The 2024 criteria also unified the diagnostic approach across relapsing and progressive forms of MS and across age groups, providing guidance for both pediatric and late-life presentations. For patients over 50, where age-related white matter changes can mimic MS lesions, the criteria now offer specific guidance to reduce the risk of misdiagnosis. In certain cases, the revision even allows a diagnosis when someone has radiologically isolated syndrome, meaning characteristic MS lesions found incidentally on a brain scan done for another reason, without any neurological symptoms yet.
Accuracy and Limitations
The McDonald criteria are highly sensitive, meaning they catch nearly everyone who has MS. A study of patients with clinically isolated syndrome found that the 2017 criteria had 100 percent sensitivity. However, specificity was notably low at just 13.8 percent, meaning a significant number of people who met the criteria at the CIS stage did not ultimately develop MS. This imbalance reflects the criteria’s design priority: catching MS early so treatment can begin, even at the cost of some false positives that require reassessment over time.
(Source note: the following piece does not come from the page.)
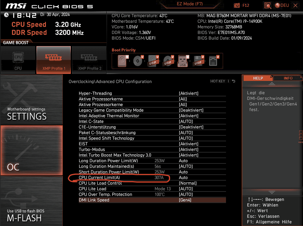 Hast du schon mal versucht PL1 PL2 auf 253W zu stellen und ICCMax auf 307VShort ist bei mir auf 280 Watt eingestellt.
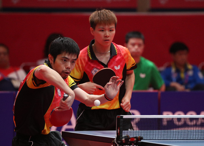 中華隊6屆老將莊智淵身穿紅、黃、黑色上衣,男單32強賽對上蒙古球員艾爾登,殺得對方無力招架。

This is why neurologists treat a McDonald criteria diagnosis as a living assessment rather than a one-time ruling. The “no better explanation” requirement means the diagnosis should be reconsidered if symptoms evolve in unexpected ways, if treatment doesn’t produce expected results, or if new information points toward an alternative condition. More than 60 known causes of optic nerve inflammation alone exist, and conditions like neuromyelitis optica spectrum disorder can closely mimic MS on early presentation.